PROVIDED DATA:
= Beginning of Section =
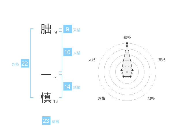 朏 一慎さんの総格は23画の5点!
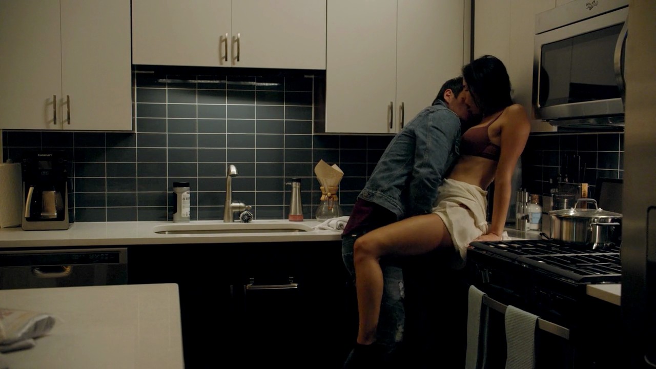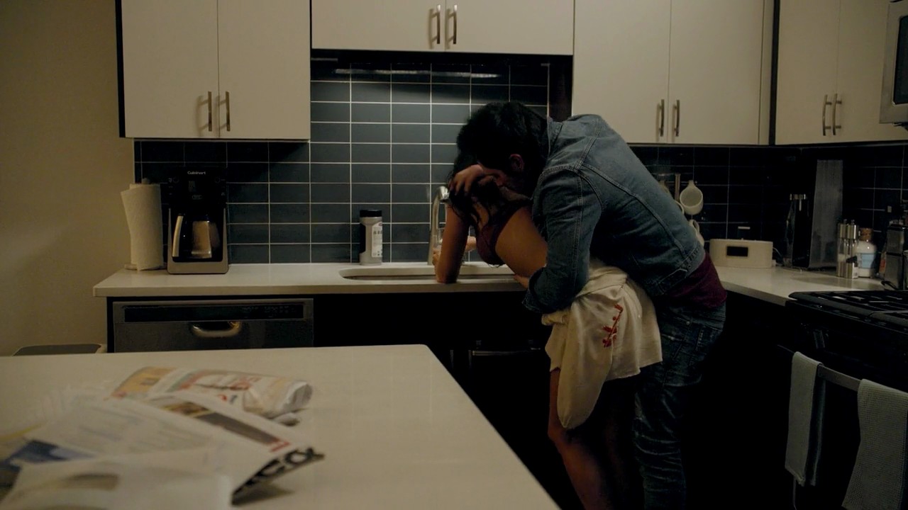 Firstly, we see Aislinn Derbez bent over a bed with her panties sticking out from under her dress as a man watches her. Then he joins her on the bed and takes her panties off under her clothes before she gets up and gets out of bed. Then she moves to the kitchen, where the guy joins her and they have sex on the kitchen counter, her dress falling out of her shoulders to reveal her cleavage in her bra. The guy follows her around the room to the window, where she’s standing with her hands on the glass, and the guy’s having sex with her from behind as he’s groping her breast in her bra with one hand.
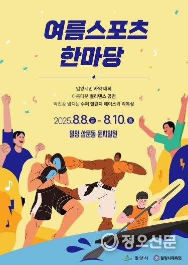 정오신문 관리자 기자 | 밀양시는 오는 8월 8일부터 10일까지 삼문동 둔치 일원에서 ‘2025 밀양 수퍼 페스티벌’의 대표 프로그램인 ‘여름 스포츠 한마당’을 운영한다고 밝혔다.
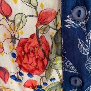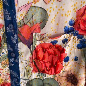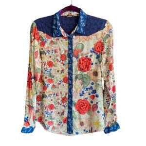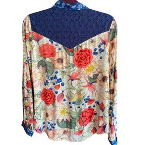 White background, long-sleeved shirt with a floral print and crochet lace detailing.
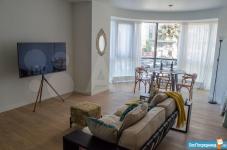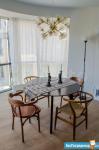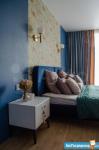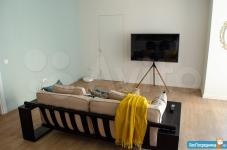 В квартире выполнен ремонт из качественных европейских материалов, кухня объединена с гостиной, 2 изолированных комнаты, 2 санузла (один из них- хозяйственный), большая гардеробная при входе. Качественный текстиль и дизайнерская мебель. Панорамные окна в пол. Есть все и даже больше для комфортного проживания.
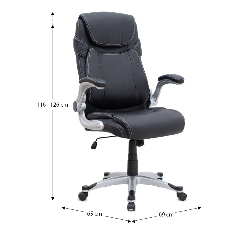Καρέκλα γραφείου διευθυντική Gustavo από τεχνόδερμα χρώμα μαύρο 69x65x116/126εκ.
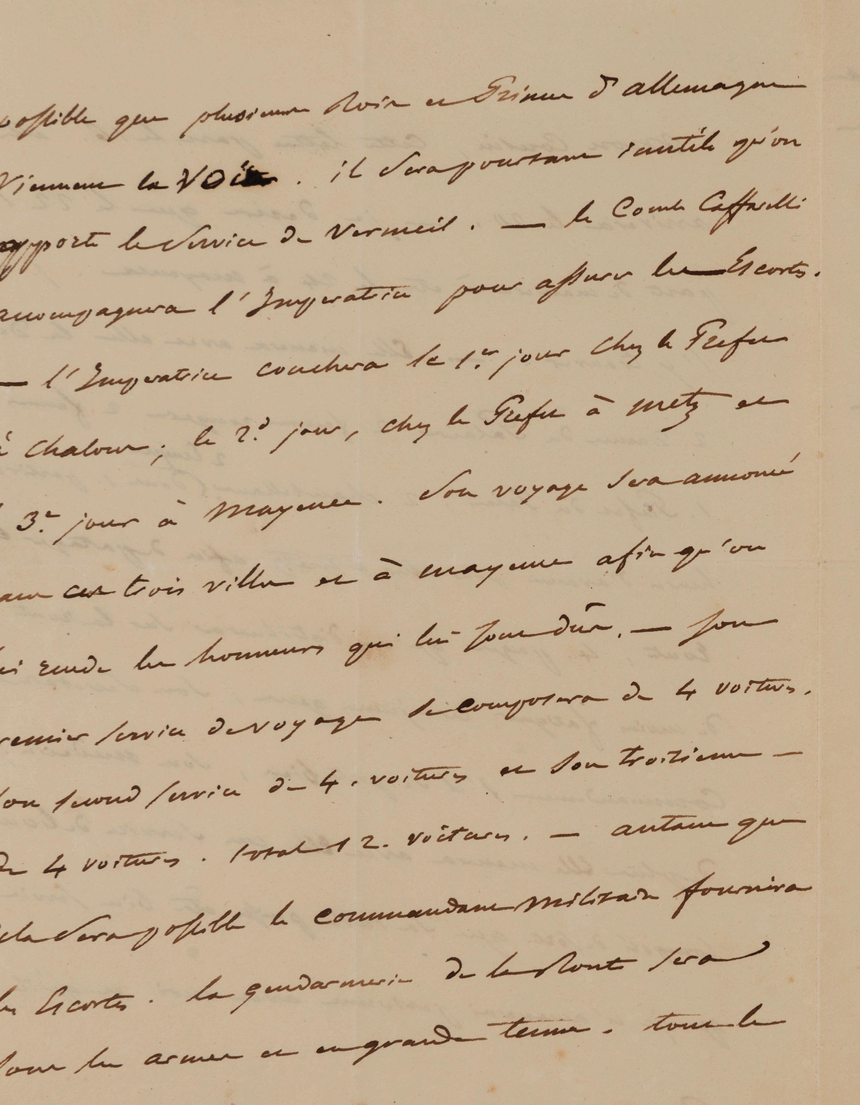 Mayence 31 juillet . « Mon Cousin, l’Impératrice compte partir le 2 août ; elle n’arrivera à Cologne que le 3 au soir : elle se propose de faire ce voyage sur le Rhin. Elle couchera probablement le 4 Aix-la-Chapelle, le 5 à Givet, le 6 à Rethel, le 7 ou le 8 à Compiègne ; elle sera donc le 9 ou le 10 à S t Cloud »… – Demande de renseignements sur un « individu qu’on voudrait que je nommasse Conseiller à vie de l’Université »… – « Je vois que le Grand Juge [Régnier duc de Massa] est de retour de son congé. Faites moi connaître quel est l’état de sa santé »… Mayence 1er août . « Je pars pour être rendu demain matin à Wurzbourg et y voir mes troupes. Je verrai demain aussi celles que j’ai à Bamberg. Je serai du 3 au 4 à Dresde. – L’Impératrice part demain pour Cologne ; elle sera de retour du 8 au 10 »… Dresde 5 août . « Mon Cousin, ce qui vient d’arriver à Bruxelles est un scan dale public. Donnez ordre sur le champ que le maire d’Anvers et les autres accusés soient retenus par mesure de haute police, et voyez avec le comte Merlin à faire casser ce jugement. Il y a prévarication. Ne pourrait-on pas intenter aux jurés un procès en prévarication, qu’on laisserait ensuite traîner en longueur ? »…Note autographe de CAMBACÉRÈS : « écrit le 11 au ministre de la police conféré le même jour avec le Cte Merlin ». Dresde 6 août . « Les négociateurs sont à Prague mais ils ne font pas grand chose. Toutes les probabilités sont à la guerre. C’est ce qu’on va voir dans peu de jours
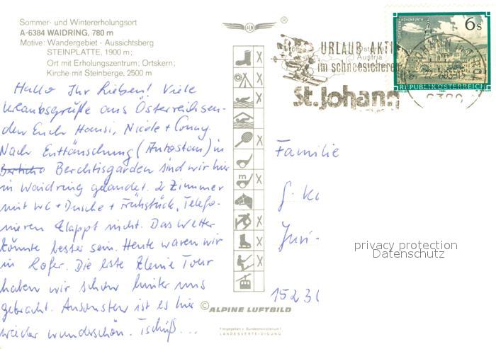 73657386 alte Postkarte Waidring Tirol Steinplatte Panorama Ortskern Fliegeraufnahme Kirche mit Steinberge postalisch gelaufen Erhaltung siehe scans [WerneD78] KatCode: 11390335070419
= End of Section =
= Beginning of Section =
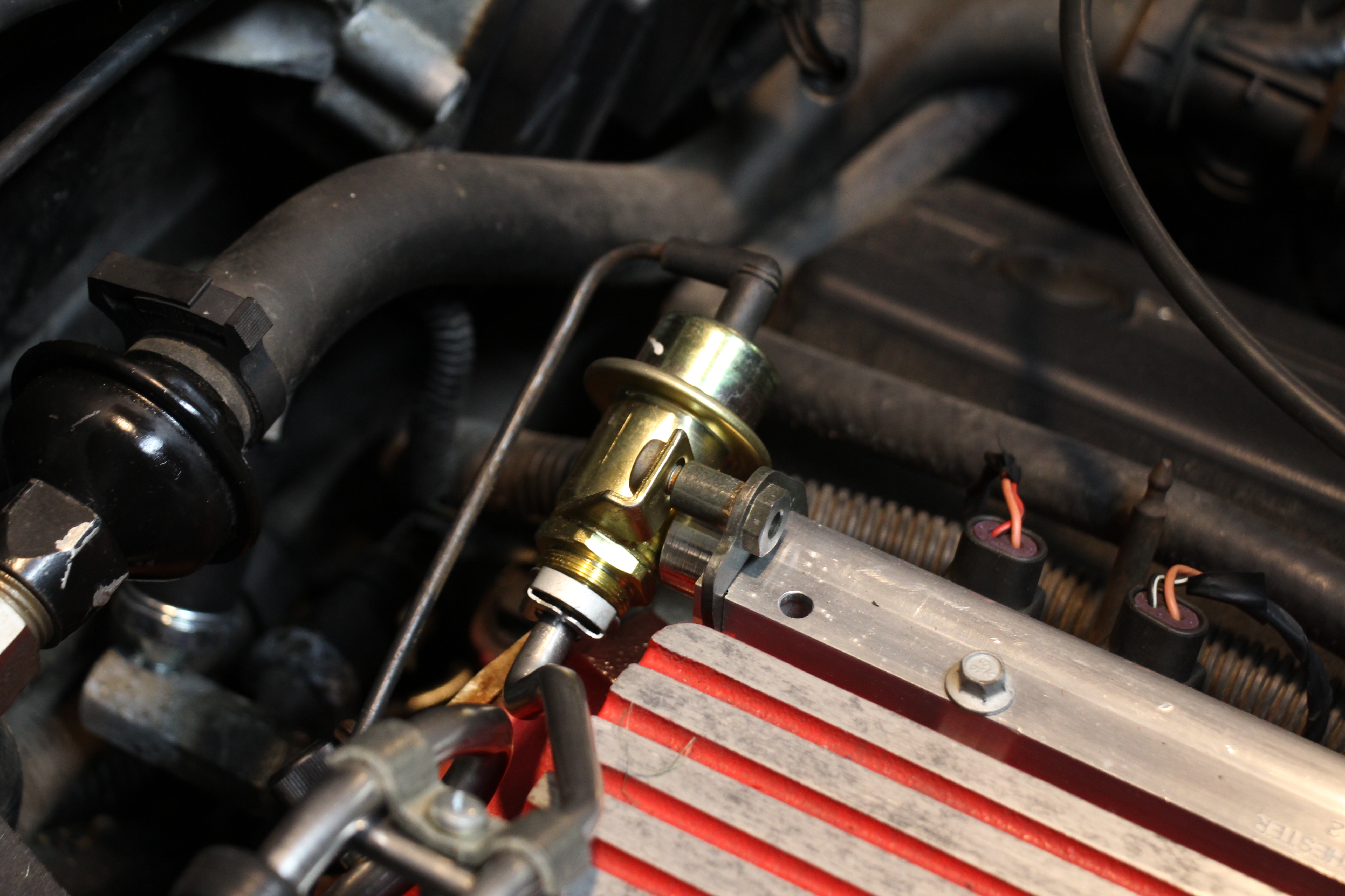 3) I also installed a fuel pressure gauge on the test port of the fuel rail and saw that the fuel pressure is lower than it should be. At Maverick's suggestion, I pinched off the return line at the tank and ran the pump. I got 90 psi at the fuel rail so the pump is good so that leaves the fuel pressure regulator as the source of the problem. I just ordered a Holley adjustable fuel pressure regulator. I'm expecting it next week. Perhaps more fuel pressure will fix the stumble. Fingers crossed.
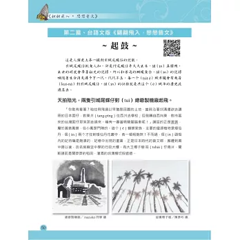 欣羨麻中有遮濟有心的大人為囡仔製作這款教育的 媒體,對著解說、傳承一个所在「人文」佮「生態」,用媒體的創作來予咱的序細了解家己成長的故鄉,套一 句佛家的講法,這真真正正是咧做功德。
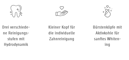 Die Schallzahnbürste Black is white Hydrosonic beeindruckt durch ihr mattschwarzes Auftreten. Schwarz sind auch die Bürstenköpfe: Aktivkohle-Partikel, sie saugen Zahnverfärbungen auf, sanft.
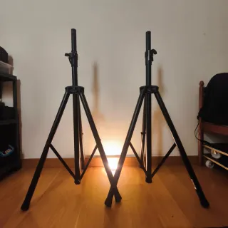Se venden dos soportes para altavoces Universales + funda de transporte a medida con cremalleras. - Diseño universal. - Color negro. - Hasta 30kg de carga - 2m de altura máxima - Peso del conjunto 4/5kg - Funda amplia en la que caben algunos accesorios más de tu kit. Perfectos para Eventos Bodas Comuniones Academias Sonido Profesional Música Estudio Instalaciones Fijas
= End of Section =
WHAT YOU ARE ASKED TO DO: Using the records above, print exactly the lines between the ones containing "Die Schallzahnbürste Black" and "Se venden dos", inclusive, and nothing else; no pictures.

SOLUTION:
 Die Schallzahnbürste Black is white Hydrosonic beeindruckt durch ihr mattschwarzes Auftreten. Schwarz sind auch die Bürstenköpfe: Aktivkohle-Partikel, sie saugen Zahnverfärbungen auf, sanft.
Se venden dos soportes para altavoces Universales + funda de transporte a medida con cremalleras. - Diseño universal. - Color negro. - Hasta 30kg de carga - 2m de altura máxima - Peso del conjunto 4/5kg - Funda amplia en la que caben algunos accesorios más de tu kit. Perfectos para Eventos Bodas Comuniones Academias Sonido Profesional Música Estudio Instalaciones Fijas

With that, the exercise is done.